Ukraine severs key ties with Russia over Crimea

A Ukrainian officer leaves as Russian soldiers stand guard after they took control of the Ukrainian navy south headquarters base in Novoozerne on March 19, 2014. -- PHOTO: AFP 
A Ukrainian officer leaves as Russian soldiers stand guard after they took control of the Ukrainian navy south headquarters base in Novoozerne on March 19, 2014. -- PHOTO: AFP 

KIEV (AFP) - Ukraine announced plans Wednesday to drop out of a key post-Soviet alliance and slap entry visas on Russians while also preparing for a possible Crimean withdrawal following the Kremlin's absorption of the peninsula.

Kiev's first firm response to Russia's claim to the strategic Black Sea peninsula came as a deadline expired on an ultimatum set by the acting president for Crimea's separatist leaders to release the captured head of the Ukrainian navy or face "an adequate response".

The spiralling crisis prompted the White House to warn Russia it was "creating a dangerous situation" and the NATO commander to call the Kremlin's seizure of Crimea "the gravest threat to European security and stability since the end of the Cold War".

Germany for its part said it was suspending a major arms deal with Moscow - a signal that Washington's EU allies were willing to take more serious punitive steps against the Kremlin despite their heavy dependence on Russian energy supplies.

Even US Federal Reserve Chair Janet Yellen said a further escalation "would certainly be something that would be on our radar screen" as the central bank charts a course for the world's largest economy.

But Moscow appeared ready to up the diplomatic stakes by warning Washington it was preparing a "wide range" of countermeasures should the United States follow through on threats to impose broad economic sanctions against Russia.

Pro-Russian forces had earlier seized two Crimean navy bases and detained Ukraine's naval chief as Moscow tightened its grip on the flashpoint peninsula despite Western warnings that its "annexation" would not go unpunished.

Ukraine's National Security and Defence Council chief Andriy Parubiy said Kiev had decided to withdraw from the Moscow-led Commonwealth of Independent States (CIS) alliance that replaced the Soviet Union and to slap visas on Russians who sought to enter the country in response to the Kremlin's Crimean claim.

A defiant President Vladimir Putin had brushed aside global indignation and Western sanctions on Tuesday to sign a treaty absorbing Crimea and expanding Russia's borders for the first time since World War II.

British Prime Minister David Cameron said on Wednesday that next week's meeting of leaders from the Group of Seven (G7) most developed economies must discuss Russia's permanent expulsion from the wider G8 political grouping to which Moscow was accepted in 1998 as its reward for pursuing a democratic course.

United Nations chief Ban Ki-moon will meet with Putin in Moscow on Thursday before holding talks with Ukraine's interim leaders in Kiev on Friday to encourage a peaceful resolution of the crisis.

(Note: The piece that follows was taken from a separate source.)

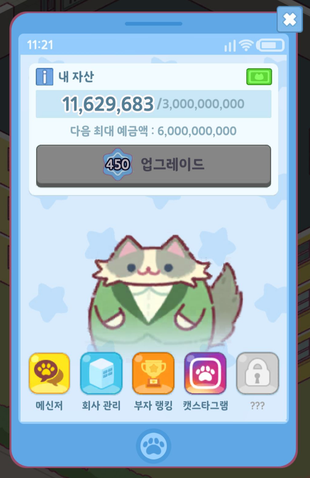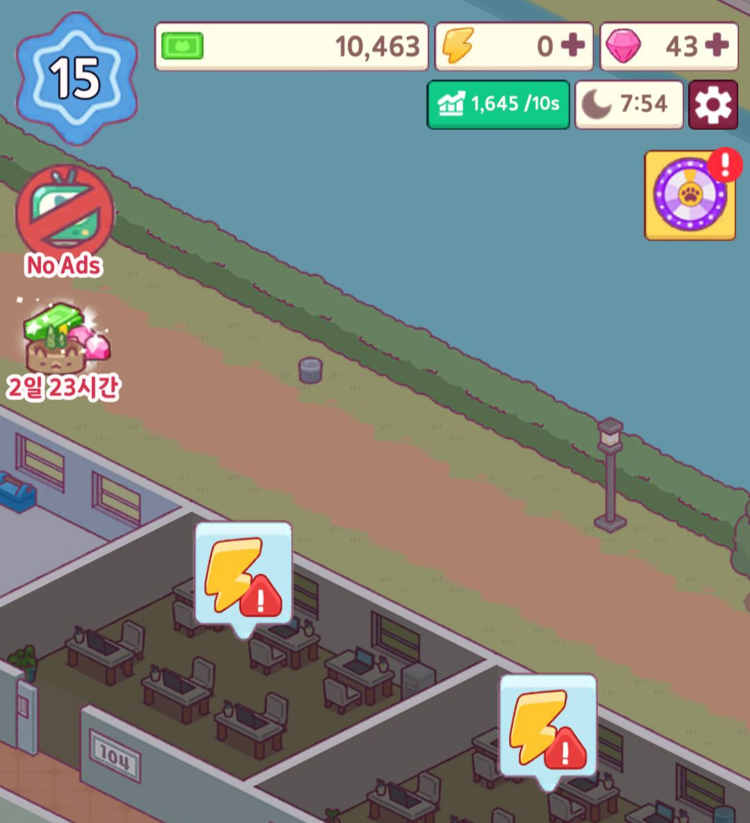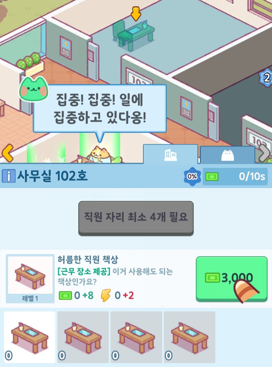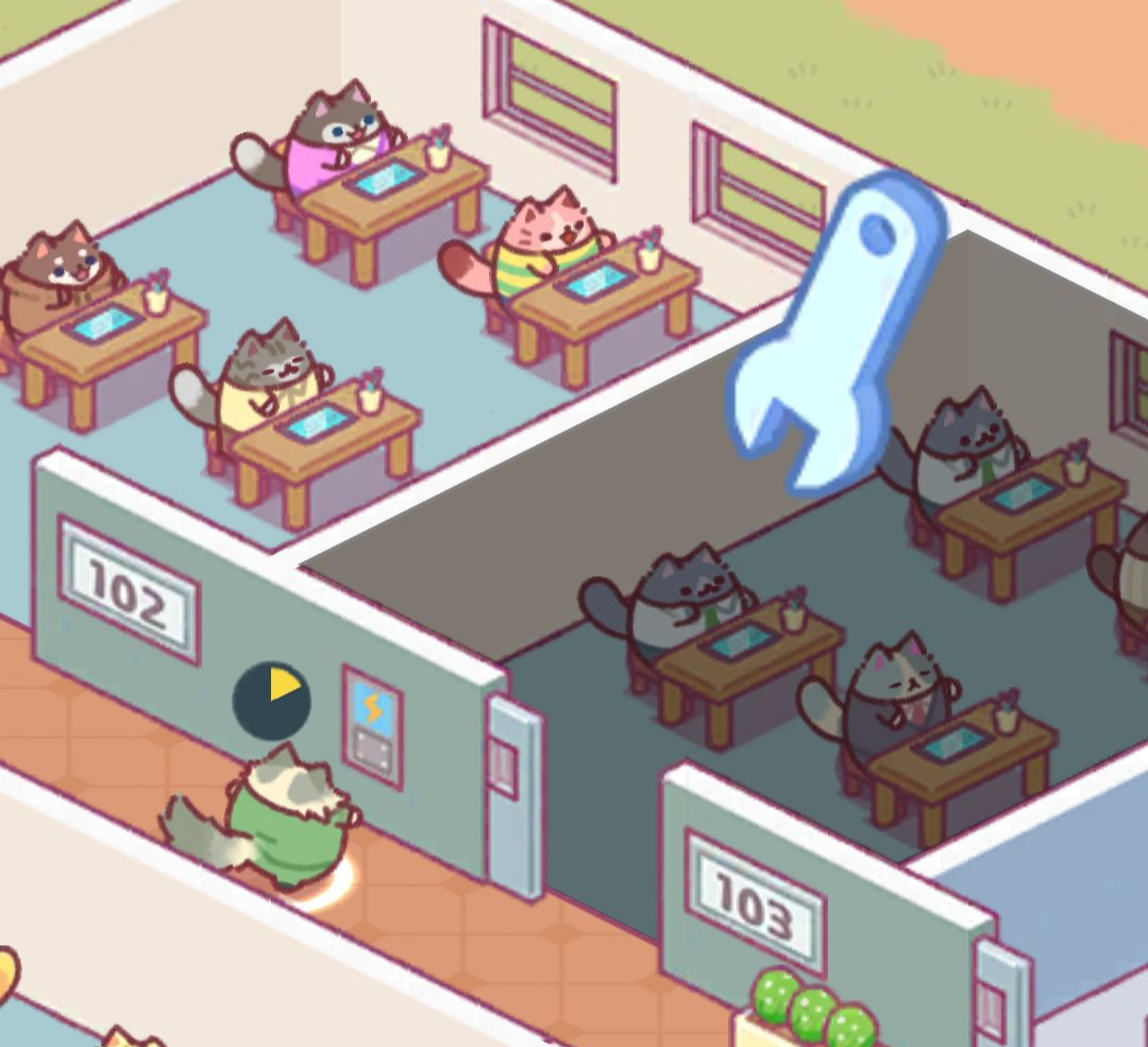건물주가 되어 각종 고양이들이 사무실을 운영해 돈을 버는 방치형 타이쿤 게임입니다.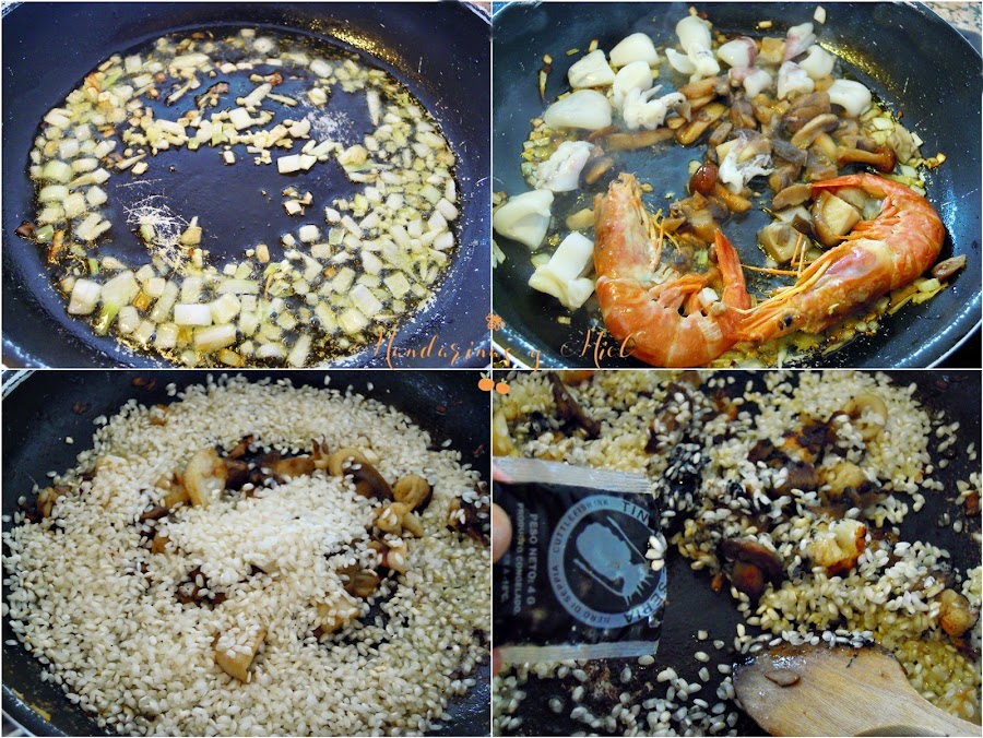 Eso es lo que hice con los restos de marisco....tenía 3 gambones, un par de sepietas pequeñas, un puñadito de puntilla, un táper de fumet de marisco, media bolsita de setas variadas......y también tinta, decidido, preparé un arrocito negro de marisco con setas.

Russia's Deputy Foreign Minister Sergei Ryabkov warned Washington on Wednesday that Moscow was preparing an entire series of "asymmetrical measures" should the United States hit his country with economic trade restriction or other more severe steps.

Ryabkov said these measures covered "a number of areas of dialogue... that are important to the Americans" and hinted that Russia could "raise the stakes" in the ongoing Iranian nuclear talks.